Note: Regulatory approval by FDA is considered a critical goal by manufacturers and their investors, which is understandable, since there can be no commercialization without it. However, adequate payer reimbursement is clearly the final goal. Without it, commercialization stalls. The following blog is the third in a series of posts that examines the relationship between reimbursement and regulatory approval. Last month’s blog focused on the 510(k) process. The following discussion focuses on FDA regulations regarding Human Cells, Tissues, and Cellular and Tissue-Based Products (HCT/Ps).
Human cells, tissues and cellular or tissue-based products (HCT/Ps) are defined by FDA as “articles containing or consisting of human cells or tissues that are intended for implantation, transplantation, infusion or transfer into a human recipient.” Examples of HCT/Ps include bone, ligament, skin, and heart valves. Skin substitutes are a common type of HCT/P. Traditionally, FDA had very limited regulatory authority over HCT/Ps, but became involved in response to the threat of infectious diseases transmitted through human tissue. In 1997, FDA created a tiered system of regulation, similar in concept to the tiered system of medical device regulation of 510(k) and PMA approval. This regulation became effective in 2005.
The lowest tier of regulation solely focuses on the issue of infectious disease transmission and simply requires that the providers of HCT/Ps register and list the HCT/Ps supplied, comply with requirements for donor screening and “current good tissue practice.” No clinical data is required. HCT/Ps falling into this category, referred to as “361 HCT/Ps” must meet all of the following criteria:
If the HCT/P does not meet the above requirements, it is subject to additional regulation as a drug, medical device or biologic product. Within the category of medical devices, the product may be regulated through the familiar 510(k) or PMA process, while drugs are regulated through the new drug application (NDA) process. Biologics are regulated through a biologic licensing application (BLA), which is similar in concept to the NDA process.

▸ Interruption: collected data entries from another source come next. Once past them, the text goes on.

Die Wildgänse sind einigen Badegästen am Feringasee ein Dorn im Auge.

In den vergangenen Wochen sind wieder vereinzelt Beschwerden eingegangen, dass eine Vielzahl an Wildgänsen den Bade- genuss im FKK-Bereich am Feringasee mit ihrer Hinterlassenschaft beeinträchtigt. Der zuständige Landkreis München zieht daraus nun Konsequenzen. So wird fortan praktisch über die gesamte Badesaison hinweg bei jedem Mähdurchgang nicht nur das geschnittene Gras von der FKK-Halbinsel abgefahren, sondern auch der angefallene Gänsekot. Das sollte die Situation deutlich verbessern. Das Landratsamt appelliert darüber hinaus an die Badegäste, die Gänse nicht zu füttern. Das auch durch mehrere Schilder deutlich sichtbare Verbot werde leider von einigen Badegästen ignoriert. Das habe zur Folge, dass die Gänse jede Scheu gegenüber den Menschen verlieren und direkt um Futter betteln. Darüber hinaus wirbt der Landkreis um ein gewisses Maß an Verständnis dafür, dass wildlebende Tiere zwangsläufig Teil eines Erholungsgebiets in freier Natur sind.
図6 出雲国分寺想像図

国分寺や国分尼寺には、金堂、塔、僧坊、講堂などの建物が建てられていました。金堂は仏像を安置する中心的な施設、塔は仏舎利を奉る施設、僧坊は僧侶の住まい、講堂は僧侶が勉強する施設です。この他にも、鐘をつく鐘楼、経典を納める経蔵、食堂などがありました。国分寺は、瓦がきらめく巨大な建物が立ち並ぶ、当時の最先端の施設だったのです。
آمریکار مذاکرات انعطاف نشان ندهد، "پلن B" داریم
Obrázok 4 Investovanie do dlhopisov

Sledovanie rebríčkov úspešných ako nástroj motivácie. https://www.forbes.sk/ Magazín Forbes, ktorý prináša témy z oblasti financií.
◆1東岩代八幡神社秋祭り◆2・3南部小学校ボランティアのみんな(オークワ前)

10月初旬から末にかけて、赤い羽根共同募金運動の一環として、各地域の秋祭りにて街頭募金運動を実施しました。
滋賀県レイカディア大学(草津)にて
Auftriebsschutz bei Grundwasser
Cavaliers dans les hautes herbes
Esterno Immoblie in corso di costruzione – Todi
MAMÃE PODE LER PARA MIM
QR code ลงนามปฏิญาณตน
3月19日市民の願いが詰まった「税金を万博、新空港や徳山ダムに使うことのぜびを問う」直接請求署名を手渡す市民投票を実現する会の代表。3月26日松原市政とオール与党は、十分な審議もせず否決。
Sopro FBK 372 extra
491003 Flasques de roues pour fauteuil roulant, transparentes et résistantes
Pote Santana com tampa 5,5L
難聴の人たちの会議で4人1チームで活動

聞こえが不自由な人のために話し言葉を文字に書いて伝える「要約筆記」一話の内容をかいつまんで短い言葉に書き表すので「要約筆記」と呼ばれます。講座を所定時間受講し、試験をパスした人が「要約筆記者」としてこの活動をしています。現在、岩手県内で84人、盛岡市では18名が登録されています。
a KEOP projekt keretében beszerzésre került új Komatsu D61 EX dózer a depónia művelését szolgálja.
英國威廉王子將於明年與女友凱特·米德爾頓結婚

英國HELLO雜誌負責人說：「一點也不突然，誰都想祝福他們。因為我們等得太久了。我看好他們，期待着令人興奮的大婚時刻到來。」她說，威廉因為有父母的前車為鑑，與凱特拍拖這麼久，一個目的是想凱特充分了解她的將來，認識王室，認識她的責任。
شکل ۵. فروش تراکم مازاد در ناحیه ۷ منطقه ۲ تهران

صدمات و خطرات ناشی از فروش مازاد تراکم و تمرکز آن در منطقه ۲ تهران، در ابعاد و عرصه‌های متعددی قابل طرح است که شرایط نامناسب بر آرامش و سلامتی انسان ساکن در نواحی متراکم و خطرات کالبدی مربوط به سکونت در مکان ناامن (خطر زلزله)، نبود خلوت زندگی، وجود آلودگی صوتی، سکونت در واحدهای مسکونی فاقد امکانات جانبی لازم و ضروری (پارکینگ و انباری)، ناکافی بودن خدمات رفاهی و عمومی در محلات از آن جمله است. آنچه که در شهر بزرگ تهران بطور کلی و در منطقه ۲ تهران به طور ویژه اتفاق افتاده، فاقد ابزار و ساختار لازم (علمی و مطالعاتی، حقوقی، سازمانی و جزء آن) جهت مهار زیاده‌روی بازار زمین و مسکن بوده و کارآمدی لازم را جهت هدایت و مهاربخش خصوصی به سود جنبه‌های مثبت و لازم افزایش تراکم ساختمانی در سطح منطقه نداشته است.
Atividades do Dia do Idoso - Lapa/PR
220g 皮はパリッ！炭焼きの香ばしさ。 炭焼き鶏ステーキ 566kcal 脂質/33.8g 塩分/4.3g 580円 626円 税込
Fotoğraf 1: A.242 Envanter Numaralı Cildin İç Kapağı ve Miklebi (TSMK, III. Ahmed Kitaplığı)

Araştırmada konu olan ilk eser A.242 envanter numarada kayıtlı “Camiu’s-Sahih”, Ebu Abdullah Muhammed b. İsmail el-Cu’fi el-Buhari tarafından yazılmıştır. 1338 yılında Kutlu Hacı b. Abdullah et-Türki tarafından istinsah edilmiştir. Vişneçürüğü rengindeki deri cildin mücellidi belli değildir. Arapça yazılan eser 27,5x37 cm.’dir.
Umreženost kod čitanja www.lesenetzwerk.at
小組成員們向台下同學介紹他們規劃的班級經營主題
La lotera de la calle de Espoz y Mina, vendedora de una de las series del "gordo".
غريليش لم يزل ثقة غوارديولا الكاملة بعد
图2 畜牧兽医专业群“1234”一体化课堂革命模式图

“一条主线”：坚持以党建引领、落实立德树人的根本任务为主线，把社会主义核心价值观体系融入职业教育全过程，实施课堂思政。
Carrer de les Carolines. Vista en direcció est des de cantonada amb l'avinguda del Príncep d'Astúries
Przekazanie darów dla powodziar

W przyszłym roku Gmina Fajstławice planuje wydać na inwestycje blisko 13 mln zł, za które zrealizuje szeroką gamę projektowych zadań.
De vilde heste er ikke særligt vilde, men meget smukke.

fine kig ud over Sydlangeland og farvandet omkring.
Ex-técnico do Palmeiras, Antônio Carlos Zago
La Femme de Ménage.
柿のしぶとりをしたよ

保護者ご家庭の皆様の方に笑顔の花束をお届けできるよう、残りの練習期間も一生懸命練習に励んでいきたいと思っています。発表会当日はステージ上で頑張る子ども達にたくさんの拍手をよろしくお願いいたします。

One key issue for manufacturers is the interpretation of the term “minimal manipulation.” If the product falls into this category, it can then be commercialized without any supporting clinical information, while other categories will require increasing clinical data ranging from that required in the 510(k) process to the most stringent requirements of a PMA, NDA or BLA.
This tiered system has produced confusion among payers, particularly regarding skin substitutes, a field that includes dozens of HCT/Ps. Payers typically have large unwieldy policies addressing the general issue of either wound care or skin substitutes. For example, the Aetna policy on wound care addresses over 100 different products and includes examples of every category of HCT/P regulation, ranging from DermaGraft, a composite HCT/P regulated as a PMA device, to DermaMatrix, a “361 HCT/P” that did not require any clinical studies prior to commercialization. The unfortunate tendency is for the payers to apply the highest level of evidence to all categories of skin substitutes. Additionally, the individual policy statements address the wound care products by trade name, as opposed to organizing similar products together and considering them collectively.
Finally, many of the skin substitutes have individual HCPCS codes. While these codes are intended to be used for billing purposes, an unintended consequence is that payers have assumed that having distinct HCPCS codes indicates that products are biologically distinct, thus warranting separate product by product consideration. This issue is particularly problematic for acellular dermal matrices (ADMs), an allograft of human skin that has been processed to create a dermal scaffold by removing the epithelial layer and other cellular components. ADMs are used both externally on wounds, such as diabetic ulcers, and also internally for soft tissue repair, including breast reconstruction. FDA has determined that ADM processing still falls within the definition of “minimally processed,” and thus regulation of ADMs does not require clinical data. There are a variety of suppliers of ADMs, each with their own brand name. In addition, several of the ADMs have their own HCPCS code for billing purposes.
ADMs have been used for decades in wound care and most would consider them a standard of care, in part reflected by FDA’s regulation limited to donor screening and good donor tissue practice. However, most payers have continued to consider ADMs individually, demanding a high standard of data, either randomized trials of wound care with and without an ADM, or, even further, requiring comparative trials of different suppliers of ADMs. This latter evidence requirement is similar in concept to requiring comparative trials within other categories of implanted devices, such as pacemakers or joint prostheses.
Comprehensive and unwieldy payer policies for wound care, the tiered system of FDA regulation of HCT/Ps and the use of brand specific names in HCPCS coding create a challenging reimbursement environment. In the past, payers may have considered allografts as surgical tools that were a component of a larger medically necessary surgical procedure. However, the current environment has prompted payers to consider products like ADMs as distinct technologies, each requiring its own evidence base. Similar to all other FDA regulatory pathways, the payer bottom line is the clinical data. However, there certainly is a role for payer education to sort out the confusion around wound care technologies and advocate for the appropriate evidence requirement for the enormous variety of HCT/Ps.